What is needed:
Images are to be dropped, and the rest of the data reproduced exactly.

Information provided:
************
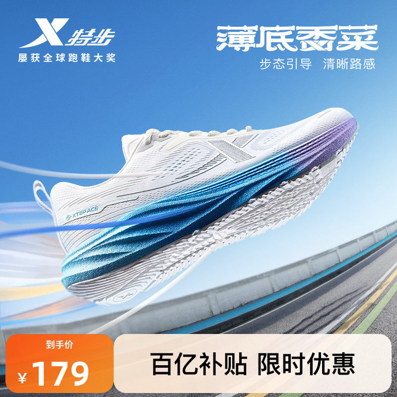 特步薄底香菜丨跑鞋男鞋秋冬网面运动鞋子减震耐磨跑步鞋女低坡差
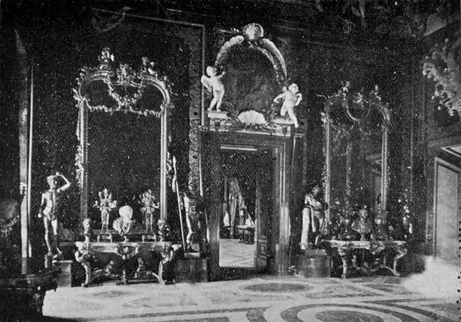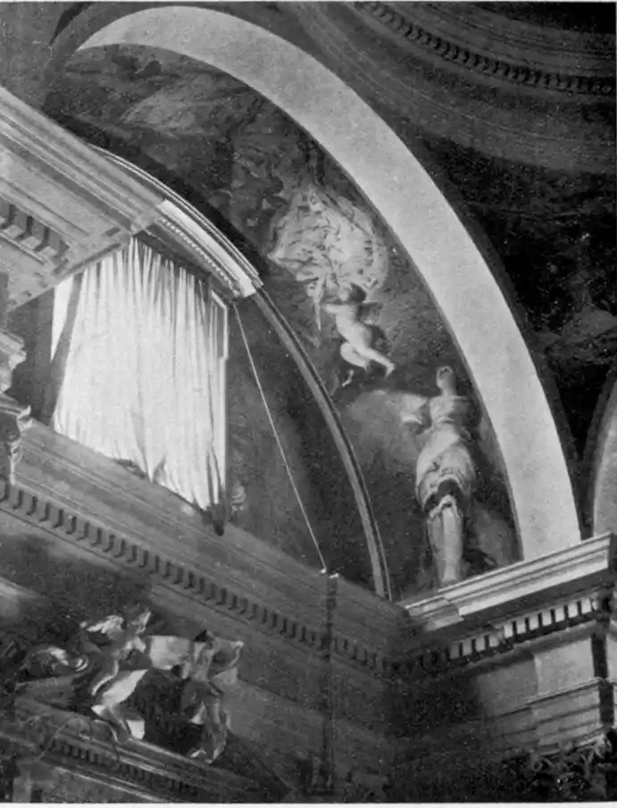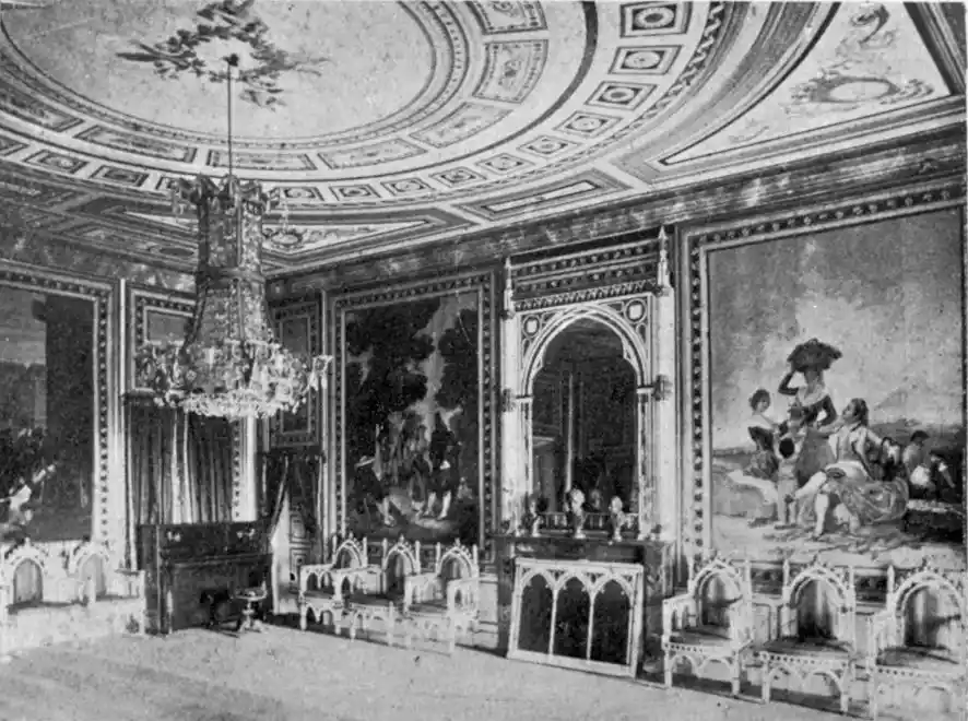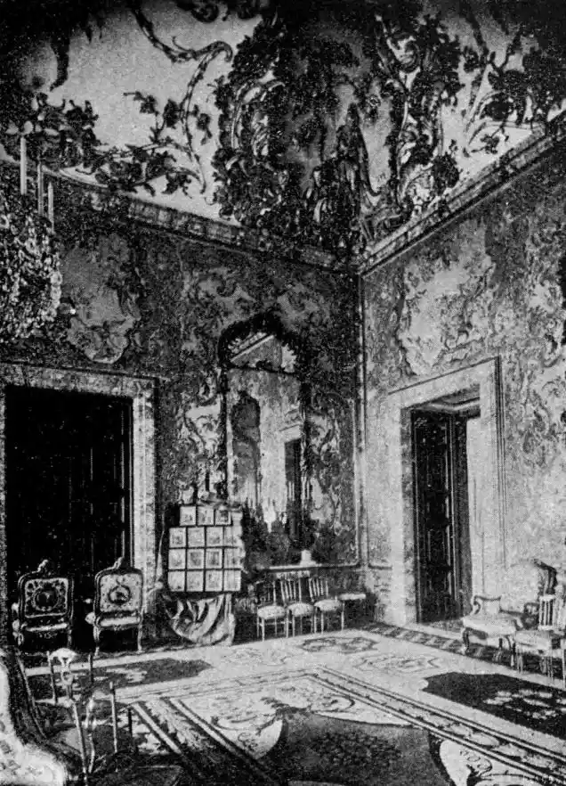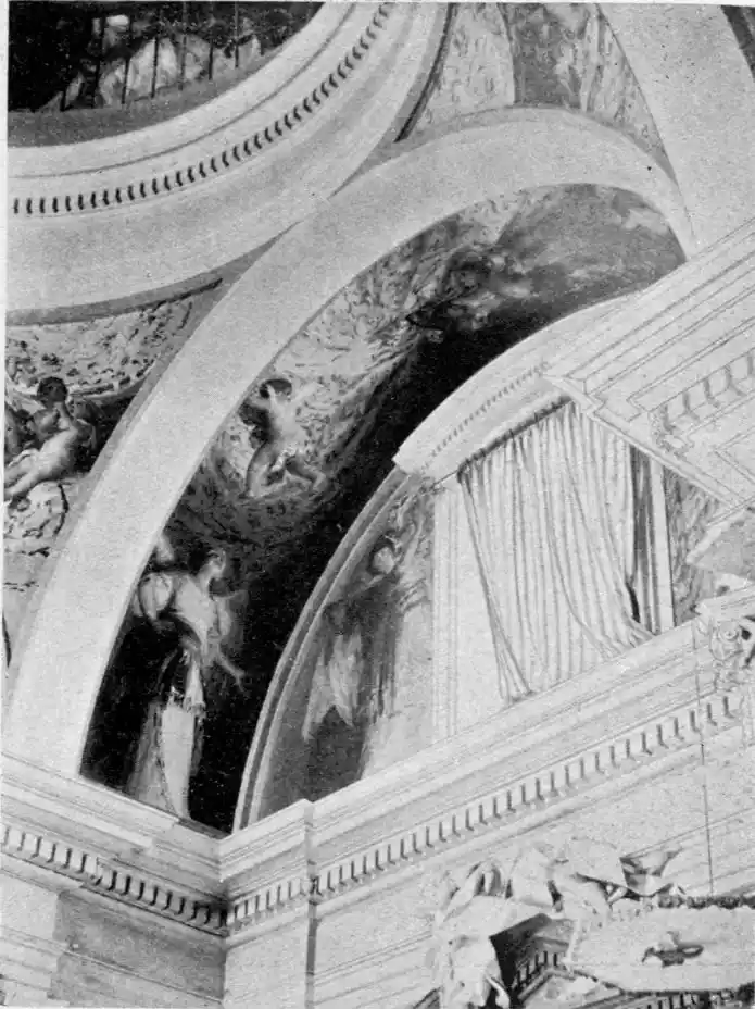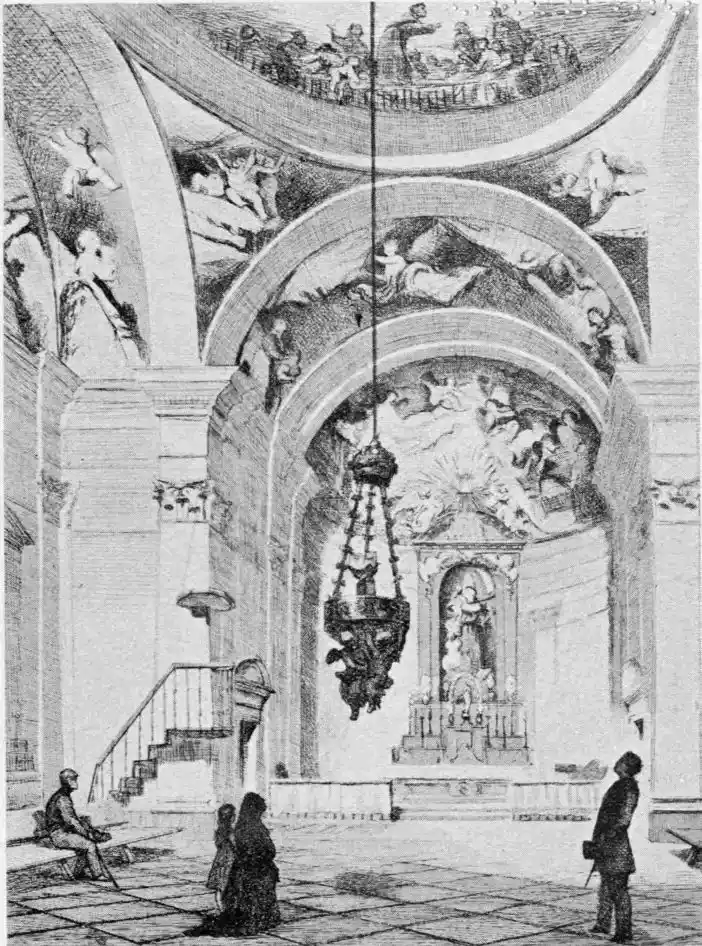 The grand staircase is of white and black marble, with an allegorical ceiling painting by the Italian Giacinto. In the sumptuous Throne-Room the appointments and decorations are resplendent, and on the ceiling is a picture representing the Majesty of Spain, painted by Tiepolo. Gasparini designed the beautiful hall that bears his name, where the ceiling is of porcelain, and the walls decked with satin upon which flowers are worked. The State Dining-Room of marble contains fresco paintings. The Royal Chapel has columns of marble, and above the altar is a painting by Mengs. Near the Sacristy are stored the holy relics; and in the Tapiceria there is a very fine collection of tapestries after Dutch artists. Attached to the Royal Palace are the Armoury, of which something will be said later, the Royal Stables, excellently appointed, and the sequestered and beautiful gardens.
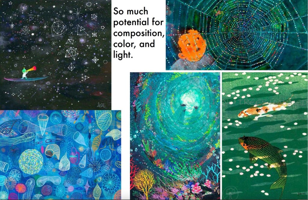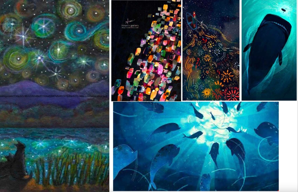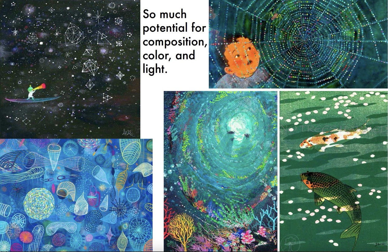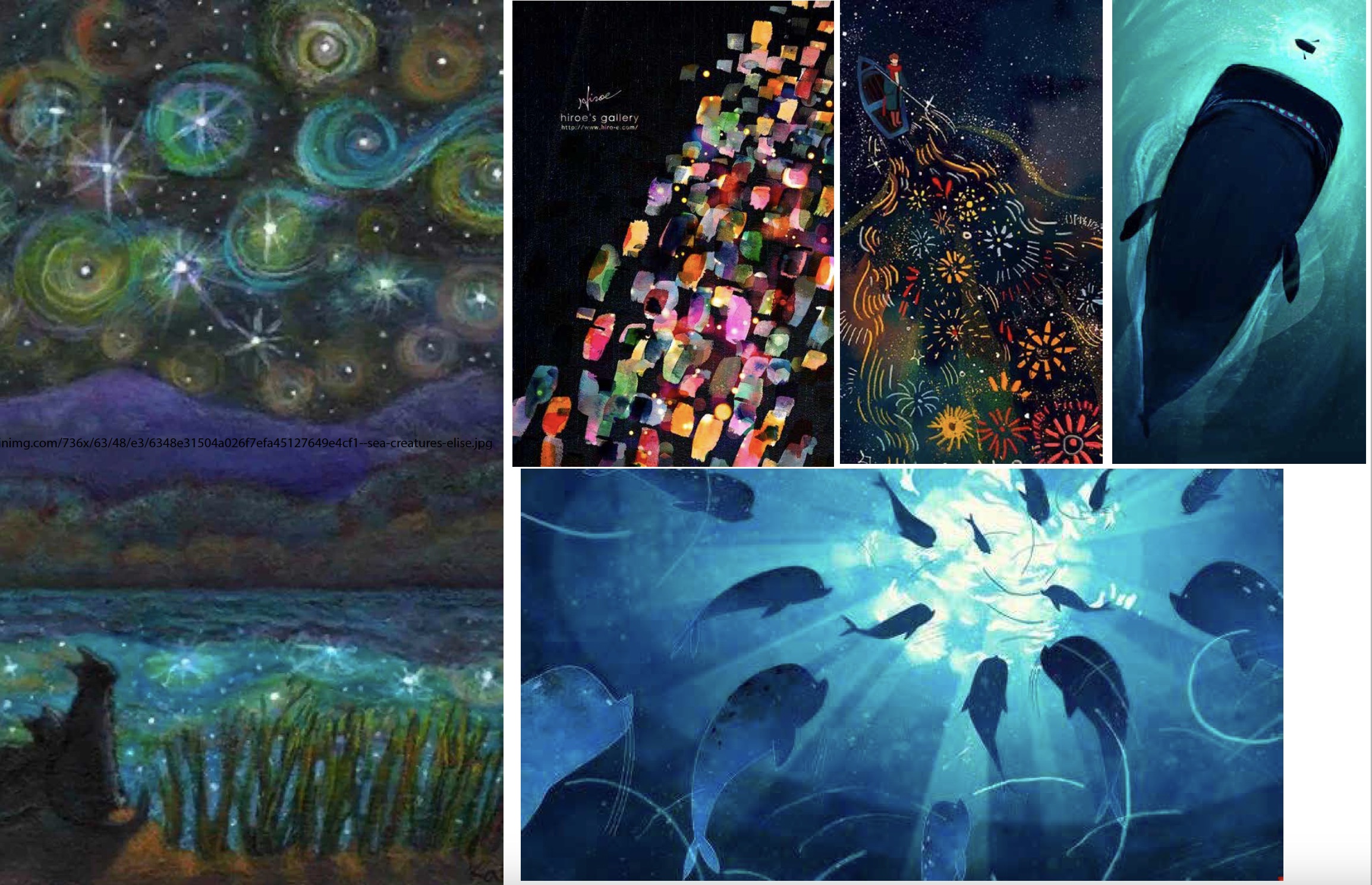 One of my critique partners, Katy Tanis, an author-illustrator, had already lived through many revision rounds of this story, and thought there were plenty of illustration options that could be pursued. So she pulled together an “inspiration board.”
************
The completed task:
 特步薄底香菜丨跑鞋男鞋秋冬网面运动鞋子减震耐磨跑步鞋女低坡差
 The grand staircase is of white and black marble, with an allegorical ceiling painting by the Italian Giacinto. In the sumptuous Throne-Room the appointments and decorations are resplendent, and on the ceiling is a picture representing the Majesty of Spain, painted by Tiepolo. Gasparini designed the beautiful hall that bears his name, where the ceiling is of porcelain, and the walls decked with satin upon which flowers are worked. The State Dining-Room of marble contains fresco paintings. The Royal Chapel has columns of marble, and above the altar is a painting by Mengs. Near the Sacristy are stored the holy relics; and in the Tapiceria there is a very fine collection of tapestries after Dutch artists. Attached to the Royal Palace are the Armoury, of which something will be said later, the Royal Stables, excellently appointed, and the sequestered and beautiful gardens.
 One of my critique partners, Katy Tanis, an author-illustrator, had already lived through many revision rounds of this story, and thought there were plenty of illustration options that could be pursued. So she pulled together an “inspiration board.”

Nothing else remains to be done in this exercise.